Cholesterol 25-hydroxylase promotes efferocytosis and resolution of lung inflammation

Jennifer H. Madenspacher, Eric D. Morrell, Kymberly M. Gowdy, Jeffrey G. McDonald, Bonne M. Thompson, Ginger Muse, Jennifer Martinez, Seddon Thomas, Carmen Mikacenic, Jerry A. Nick, Edward Abraham, Stavros Garantziotis, Renee D. Stapleton, Julie M. Meacham, Mary Jane Thomassen, William J. Janssen, Donald N. Cook, Mark M. Wurfel, Michael B. Fessler

Research output: Contribution to journalArticlepeer-review

36 Scopus citations


Alveolar macrophages (AM) play a central role in initiation and resolution of lung inflammation, but the integration of these opposing core functions is poorly understood. AM expression of cholesterol 25-hydroxylase (CH25H), the primary biosynthetic enzyme for 25-hydroxycholesterol (25HC), far exceeds the expression of macrophages in other tissues, but no role for CH25H has been defined in lung biology. As 25HC is an agonist for the antiinflammatory nuclear receptor, liver X receptor (LXR), we speculated that CH25H might regulate inflammatory homeostasis in the lung.

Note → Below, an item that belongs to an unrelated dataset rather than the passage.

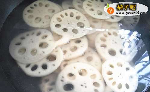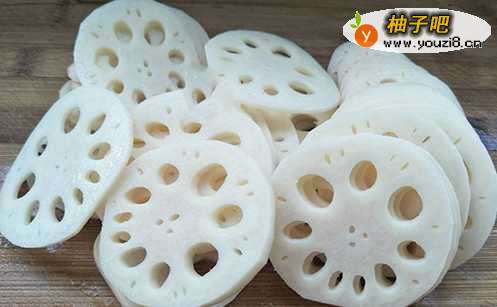 将藕去掉藕节和外皮,洗净之后切成圆薄片
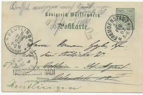 Wurtemberg Streifband comme impression Le timbre ESSLINGEN-BAHNHOF 14.3.1895

Here, we show that, of natural oxysterols or sterols, 25HC is induced in the inflamed lung of mice and humans. Ch25h–/– mice fail to induce 25HC and LXR target genes in the lung after LPS inhalation and exhibit delayed resolution of airway neutrophilia, which can be rescued by systemic treatment with either 25HC or synthetic LXR agonists. LXR-null mice also display delayed resolution, suggesting that native oxysterols promote resolution. During resolution, Ch25h is induced in macrophages upon their encounter with apoptotic cells and is required for LXR-dependent prevention of AM lipid overload, induction of Mertk, efferocytic resolution of airway neutrophilia, and induction of TGF-β. CH25H/25HC/LXR is, thus, an inducible metabolic axis that programs AMs for efferocytic resolution of inflammation.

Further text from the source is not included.